MATERIAL FOR THE TASK:
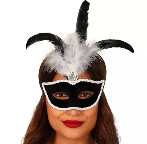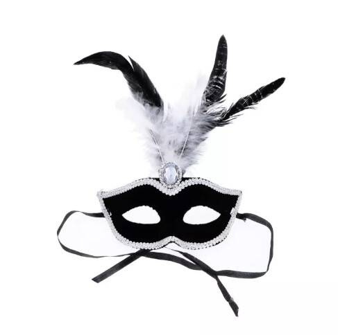 Maska Karnawałowa Wenecka na Twarz z Cekinami i Piórami.
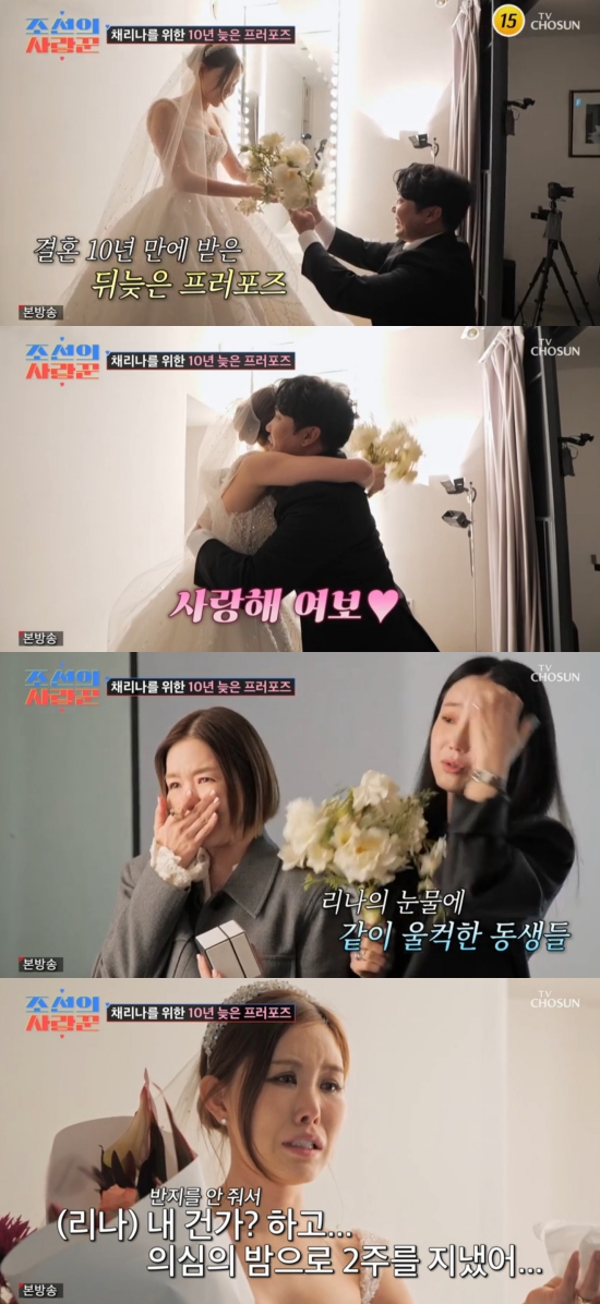 (엑스포츠뉴스 이이진 기자) 가수 채리나가 전 야구 선수 박용근에게 프러포즈를 받고 눈물 흘렸다.
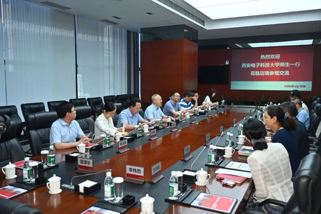 下午,实践队一行来到迈瑞医疗国际股份有限公司。迈瑞公司常务副总裁、西电校友郭艳美,产品系统技术总监陈大兵等接待了实践队一行并介绍了医疗行业的发展状况和校企合作开展情况,公司在职校友分享了在迈瑞的学习和工作体会。魏峻表示学院会进一步加强与龙头企业的紧密合作,为企业输送更多拔尖创新人才。李云松介绍了学院的整体情况、师资力量和科研进展和毕业生择业趋势。双方就加强校企互动、向企业输送更多人才展开讨论。迈瑞为实践队同学们组织了在职校友交流会,并结合同学们的专业详细介绍了在迈瑞可能从事岗位及职责,同学们表示收获颇丰、感触良多。
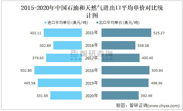 2015-2020年中國石油和天然氣進出口平均單價對比統計圖
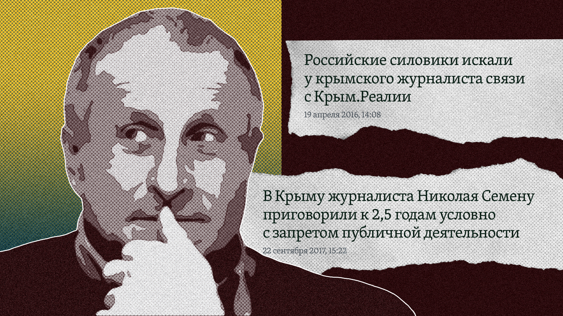 Корреспонденты Крым.Реалии уже семь лет освещают жизнь на полуострове, предоставляя крымчанам полную и объективную информацию о происходящем в Крыму. Вы не всегда знаете их настоящие имена – большинству из них приходится использовать псевдонимы. Это связано с тем, что с 2014 года независимые журналисты подвергаются преследованиям на полуострове. В этом спецпроекте Крым.Реалии собрали лишь часть таких историй – о людях, которые сотрудничали с нашей редакцией. На самом деле случаев преследований СМИ в Крыму еще больше.
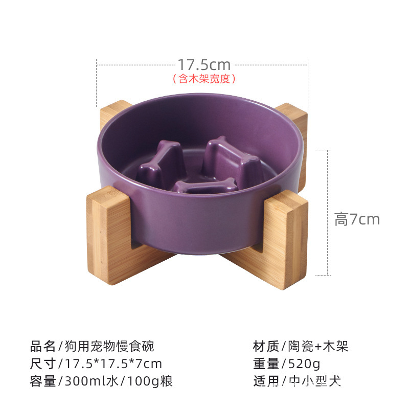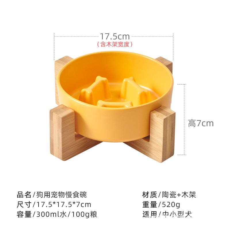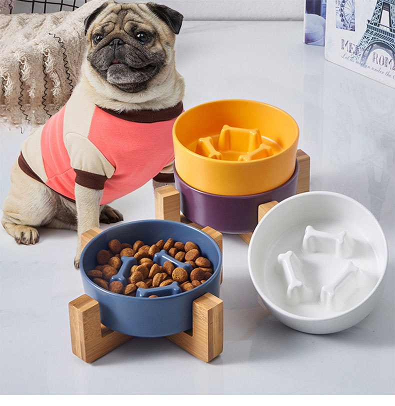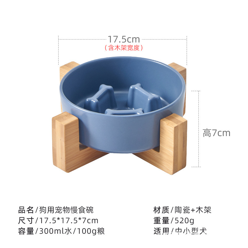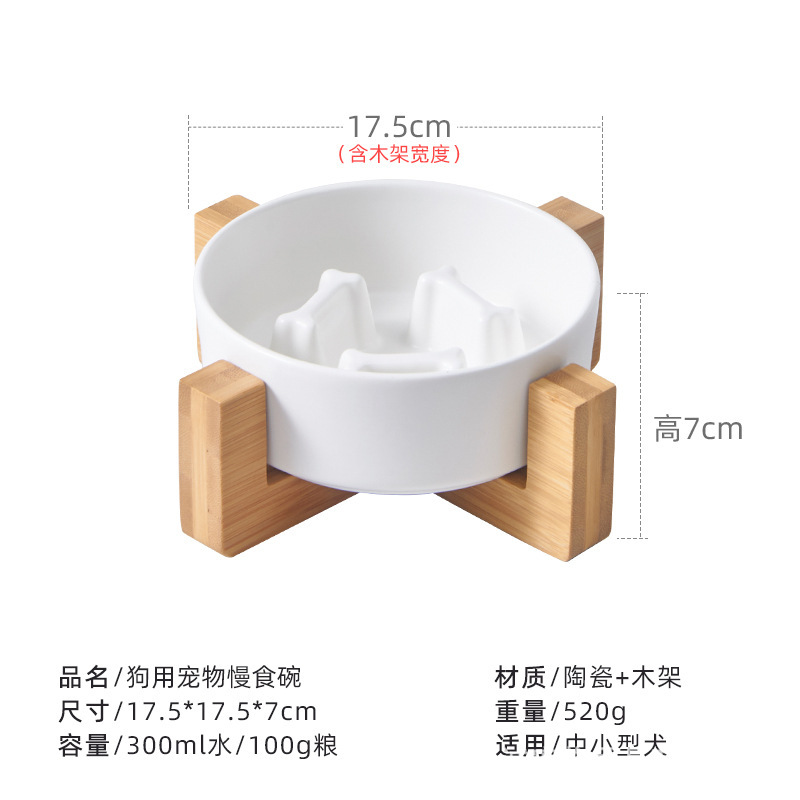 애완 동물 그릇 슬로우 푸드 분지 미끄럼 방지 개 피더 통합 나무 프레임 경추 보호 질식 방지 고양이 그릇 슬로우 푸드 세라믹 개 그릇스토어 가기
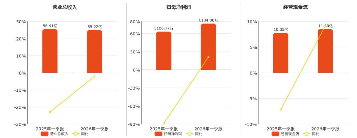 公司营业总收入为55.22亿元,在已披露的同业公司中排名第8。归母净利润为6184.00万元,较去年同报告期归母净利润增加1077.22万元,同比较去年同期上涨21.09%。经营活动现金净流入为11.30亿元,在已披露的同业公司中排名第7,较去年同报告期经营活动现金净流入增加9483.21万元,同比较去年同期上涨9.16%。
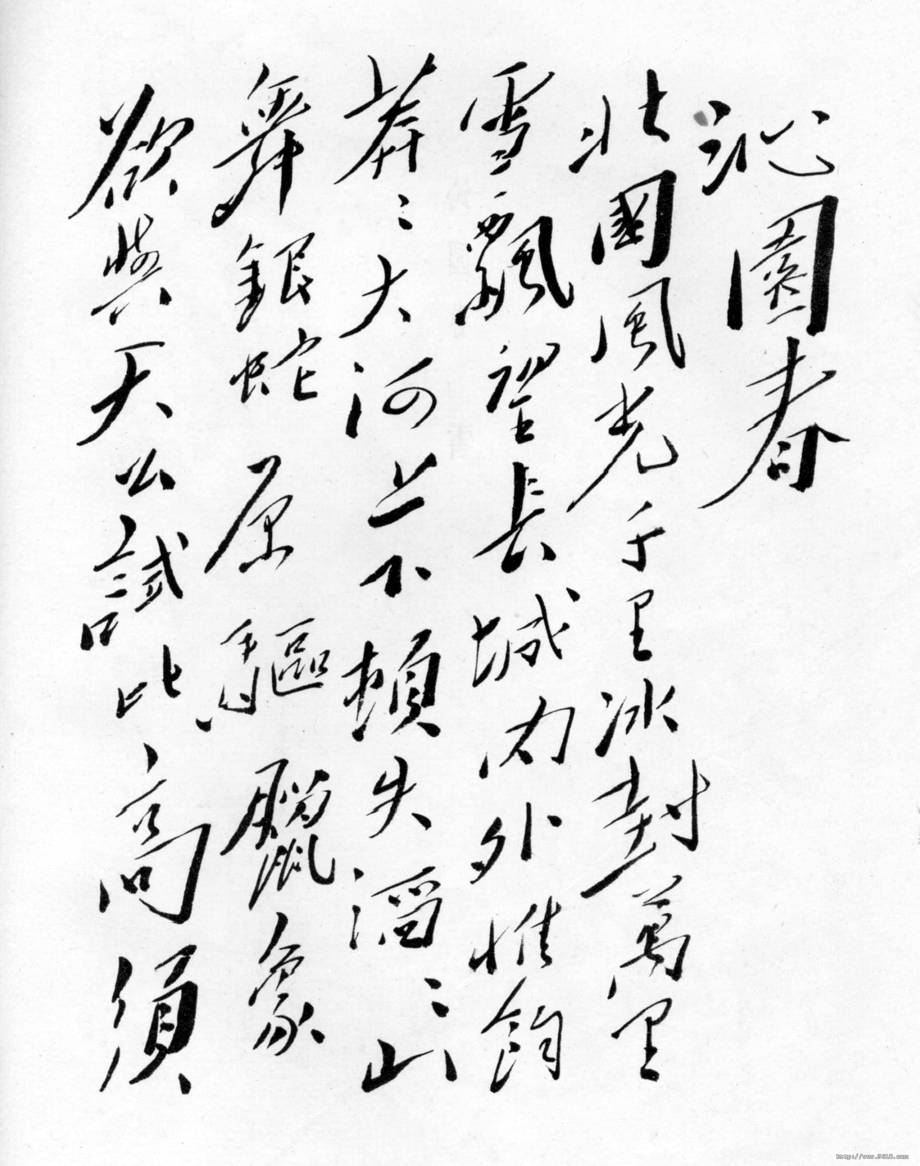 北国风光,千里冰封,万里雪飘。 望长城内外,惟馀莽莽;大河上下,顿失滔滔。山舞银蛇,原驰蜡象,欲与天公试比高。 须晴日,看红妆素裹,分外妖娆。
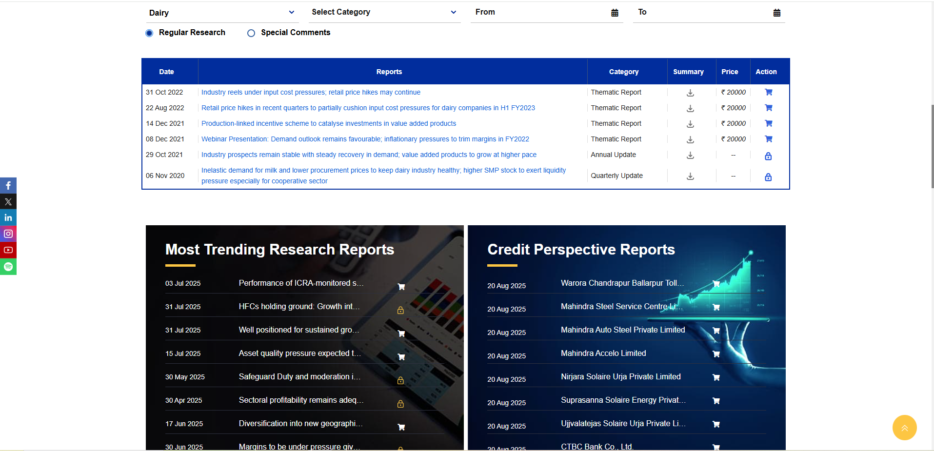 ICRA Industry Research provides opinion on key industry parameters such as demand, supply, investments, prices, and profitability and also covers topical issues and trends, and analysis of significant industry developments from the macro and micro perspectives.ICRA Research would typically comprise:Business and Profitability outlook; Industry analysis on business parameters; Competitive landscape; Update and impact of regulatory environment; Key challenges; Pricing, cost, and industry profitability; Comments on performance of key listed players
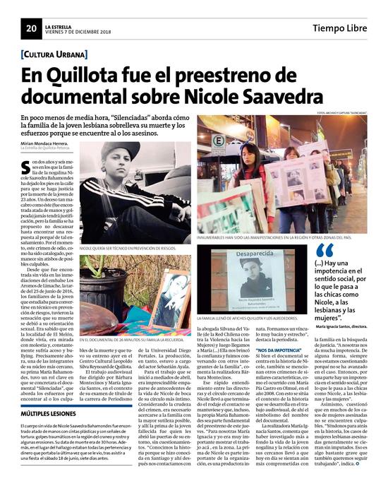 12En Quillota fue el preestreno de documental sobre Nicole Saavedra Pág. 20
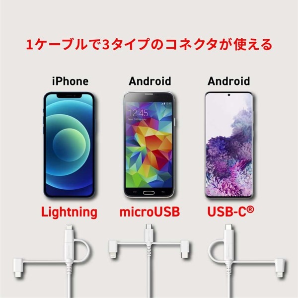 ●ほとんどのスマートフォンをカバーするケーブル Apple公式ライセンス品。

TASK ITEM:
When you reach the line that has "(엑스포츠뉴스 이이진 기자)" in the data above, start repeating lines exactly, and stop after the line that has "2015-2020年中國石油和天然氣進出口平均單價對比統計圖"; pictures stay out.

RESPONSE FOR THIS EXERCISE:
 (엑스포츠뉴스 이이진 기자) 가수 채리나가 전 야구 선수 박용근에게 프러포즈를 받고 눈물 흘렸다.
 下午,实践队一行来到迈瑞医疗国际股份有限公司。迈瑞公司常务副总裁、西电校友郭艳美,产品系统技术总监陈大兵等接待了实践队一行并介绍了医疗行业的发展状况和校企合作开展情况,公司在职校友分享了在迈瑞的学习和工作体会。魏峻表示学院会进一步加强与龙头企业的紧密合作,为企业输送更多拔尖创新人才。李云松介绍了学院的整体情况、师资力量和科研进展和毕业生择业趋势。双方就加强校企互动、向企业输送更多人才展开讨论。迈瑞为实践队同学们组织了在职校友交流会,并结合同学们的专业详细介绍了在迈瑞可能从事岗位及职责,同学们表示收获颇丰、感触良多。
 2015-2020年中國石油和天然氣進出口平均單價對比統計圖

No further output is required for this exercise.